• _Data section_:
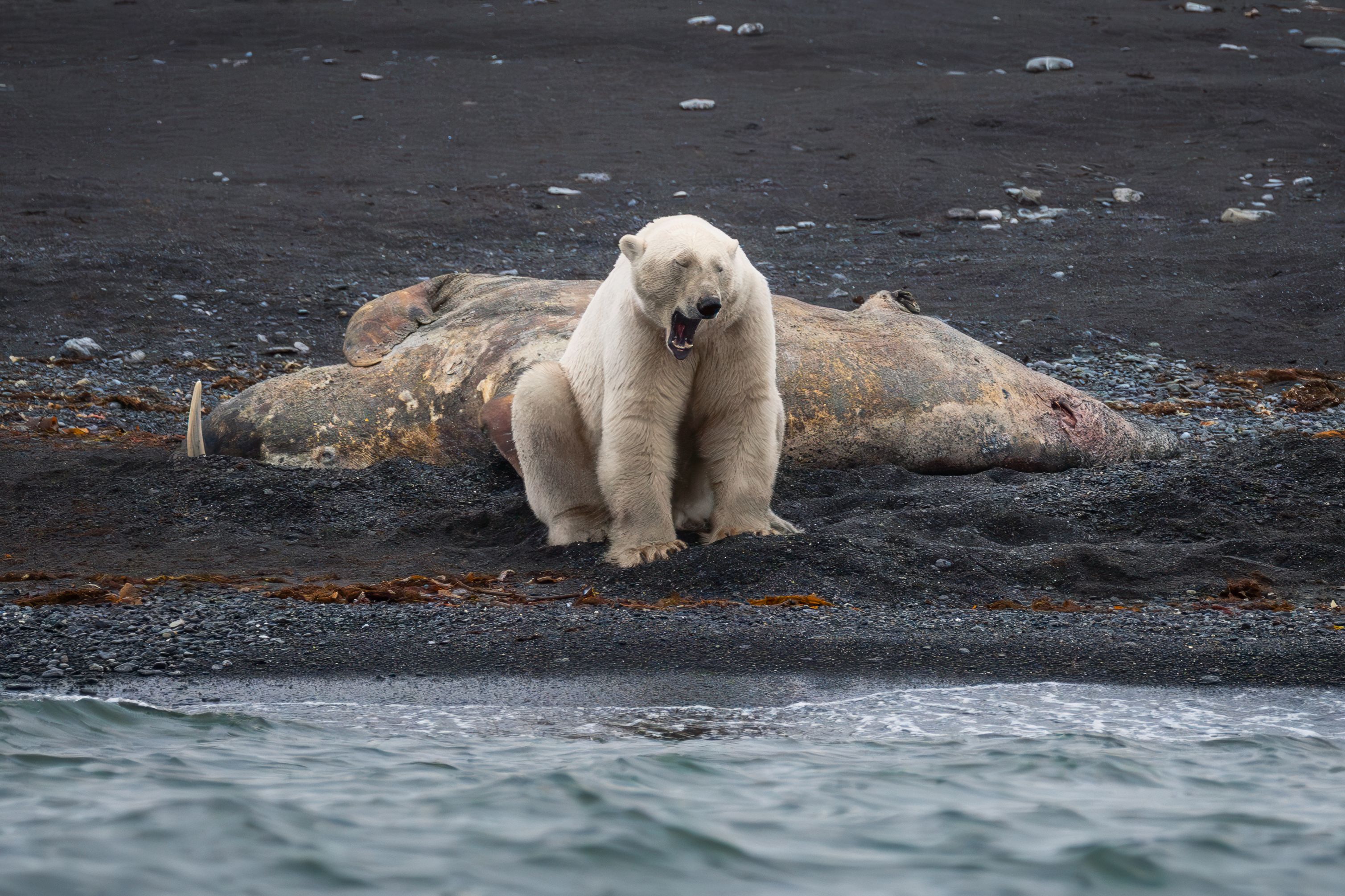 На затерянном острове Вайгач, где Баренцево море встречается с Карским, чёрная галька, словно остывшая лава, тянется к ледяным волнам. Среди этого монохромного пейзажа, осторожно обнюхивая берег, появляется медведь — бледный и бесшумный, как призрак. Многие километры он преодолел в поисках своей добычи. Снежная шерсть переливается легкими отблесками, а мощные мягкие лапы едва оставляют следы на мрачном берегу. В его глазах — древний холод Арктики, в теле — неумолимая сила выживания. Этот кадр напоминает о том, что даже в краю вечной тьмы и льда душа природы продолжает свой бесконечный путь.
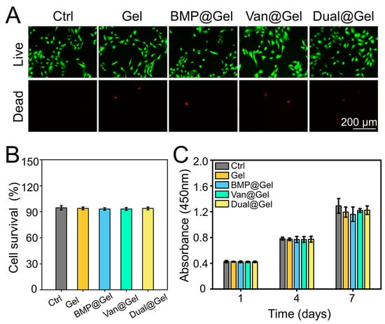 The biocompatibility of BMSCs in drug-loaded hydrogels was investigated using Calcein-AM/PI staining detection and a CCK-8 assay. The results indicated that BMSCs in all groups displayed green fluorescence, suggesting that almost all living cells were stained with the Calcein AM dye (Figure 2A). Quantitative analysis showed that the cell survival rates in the control, Gel, BMP@Gel, Van@Gel, and Dual@Gel groups were 94.6% ± 2.4%, 93.9% ± 1.6%, 93.2% ± 1.4%, 93.2% ± 1.5%, and 93.8% ± 1.5%, respectively (Figure 2B). As exhibited in Figure 2C, BMSCs co-cultured in the different groups proliferated gradually without a significant difference at days 1, 4, and 7, showing that the vancomycin or BMP-2-loaded hydrogel had good biocompatibility.
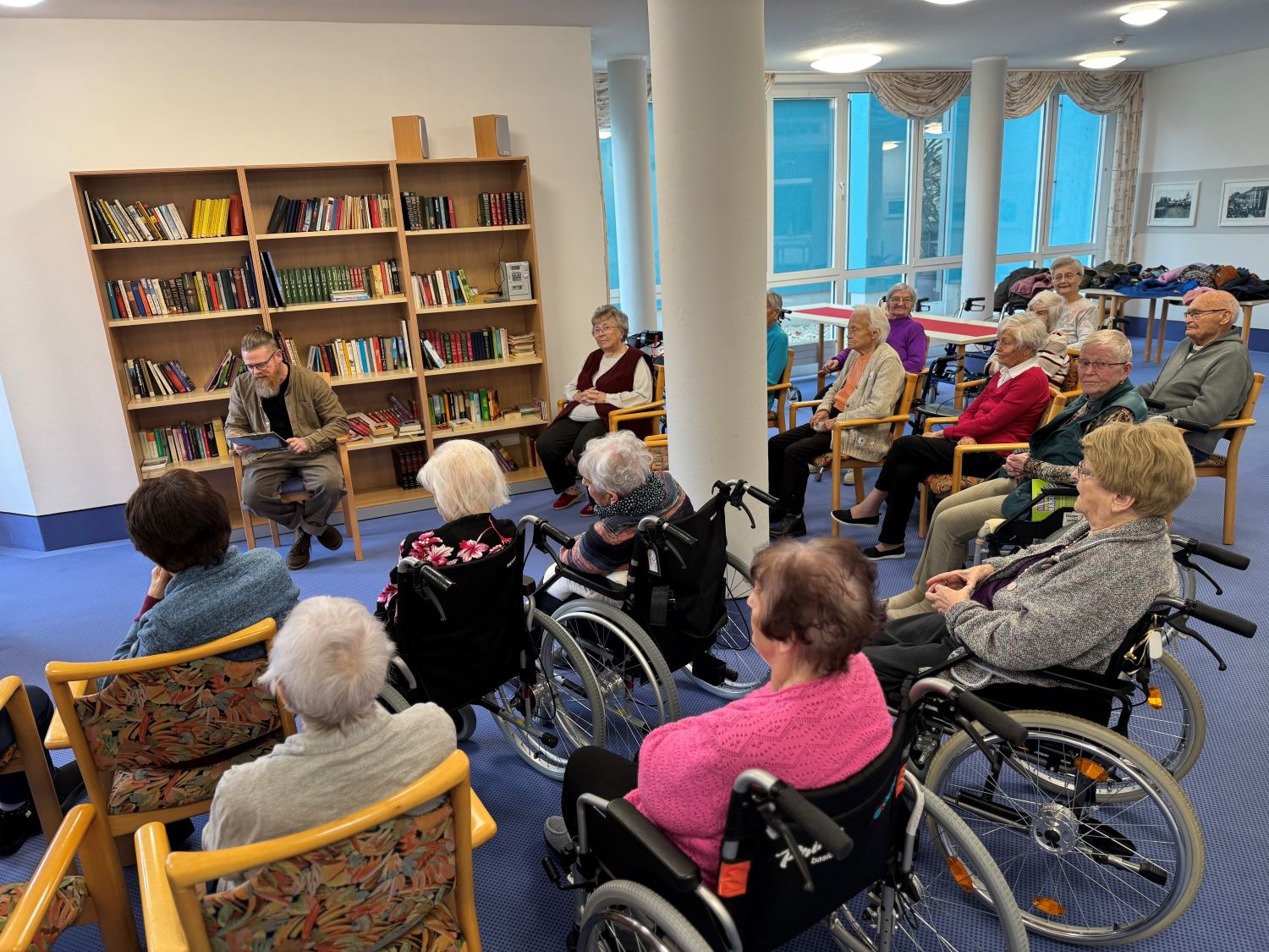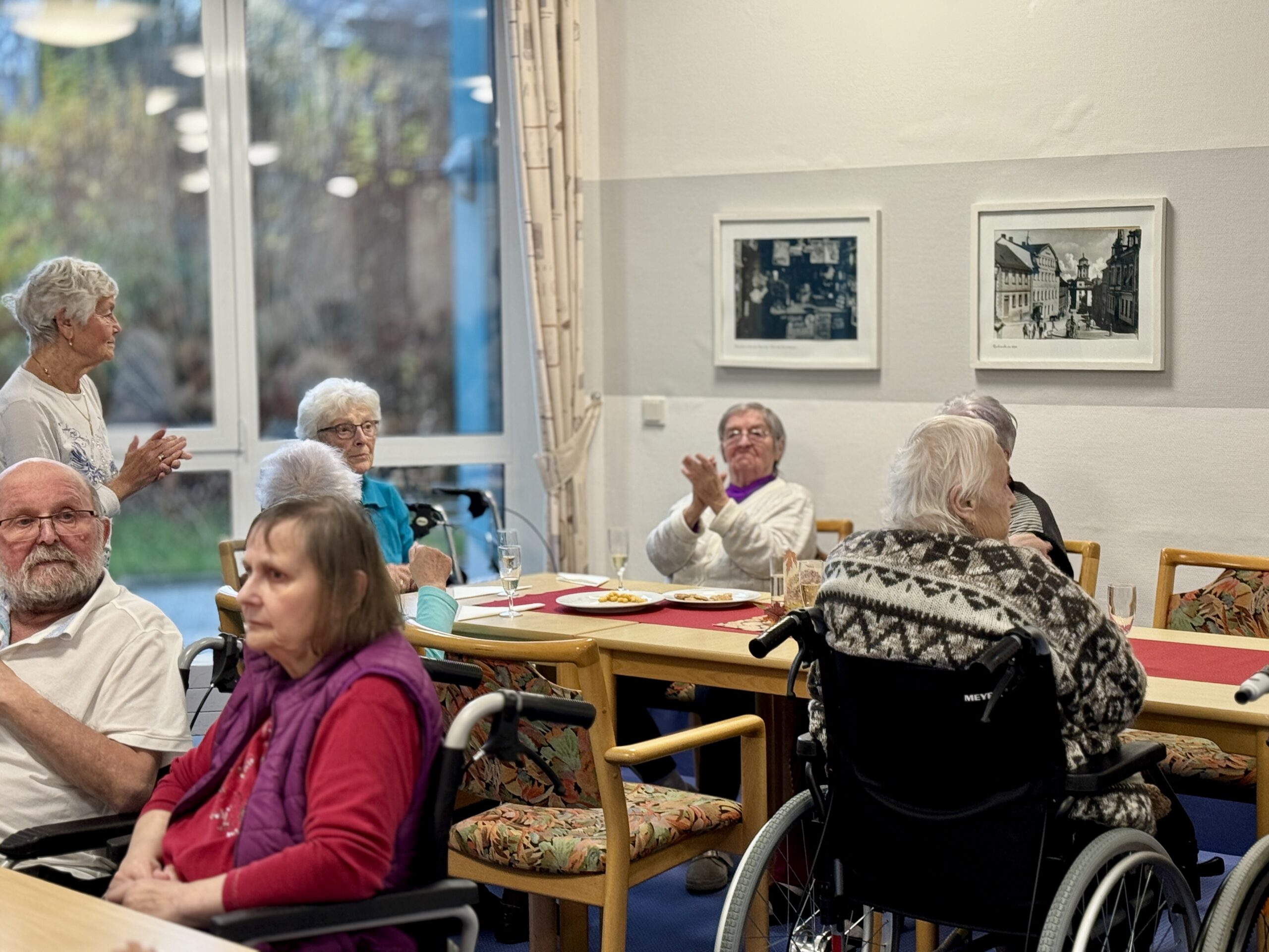 Am Freitag, dem 6. Dezember 2024, waren wie jedes Jahr die Schüler und Schülerinnen des Friedrich-Schiller-Gymnasiums aus der Klasse 10 b und aus der 11/1 in unserer Einrichtung. Alt und Jung saßen gemeinsam am Tisch und die Schüler*innen haben Geschichten vorgelesen.

• _Goal of the exercise_:
In your copy of the listing above, every line must match exactly and no picture may appear.

• _Result_:
 На затерянном острове Вайгач, где Баренцево море встречается с Карским, чёрная галька, словно остывшая лава, тянется к ледяным волнам. Среди этого монохромного пейзажа, осторожно обнюхивая берег, появляется медведь — бледный и бесшумный, как призрак. Многие километры он преодолел в поисках своей добычи. Снежная шерсть переливается легкими отблесками, а мощные мягкие лапы едва оставляют следы на мрачном берегу. В его глазах — древний холод Арктики, в теле — неумолимая сила выживания. Этот кадр напоминает о том, что даже в краю вечной тьмы и льда душа природы продолжает свой бесконечный путь.
 The biocompatibility of BMSCs in drug-loaded hydrogels was investigated using Calcein-AM/PI staining detection and a CCK-8 assay. The results indicated that BMSCs in all groups displayed green fluorescence, suggesting that almost all living cells were stained with the Calcein AM dye (Figure 2A). Quantitative analysis showed that the cell survival rates in the control, Gel, BMP@Gel, Van@Gel, and Dual@Gel groups were 94.6% ± 2.4%, 93.9% ± 1.6%, 93.2% ± 1.4%, 93.2% ± 1.5%, and 93.8% ± 1.5%, respectively (Figure 2B). As exhibited in Figure 2C, BMSCs co-cultured in the different groups proliferated gradually without a significant difference at days 1, 4, and 7, showing that the vancomycin or BMP-2-loaded hydrogel had good biocompatibility.
 Am Freitag, dem 6. Dezember 2024, waren wie jedes Jahr die Schüler und Schülerinnen des Friedrich-Schiller-Gymnasiums aus der Klasse 10 b und aus der 11/1 in unserer Einrichtung. Alt und Jung saßen gemeinsam am Tisch und die Schüler*innen haben Geschichten vorgelesen.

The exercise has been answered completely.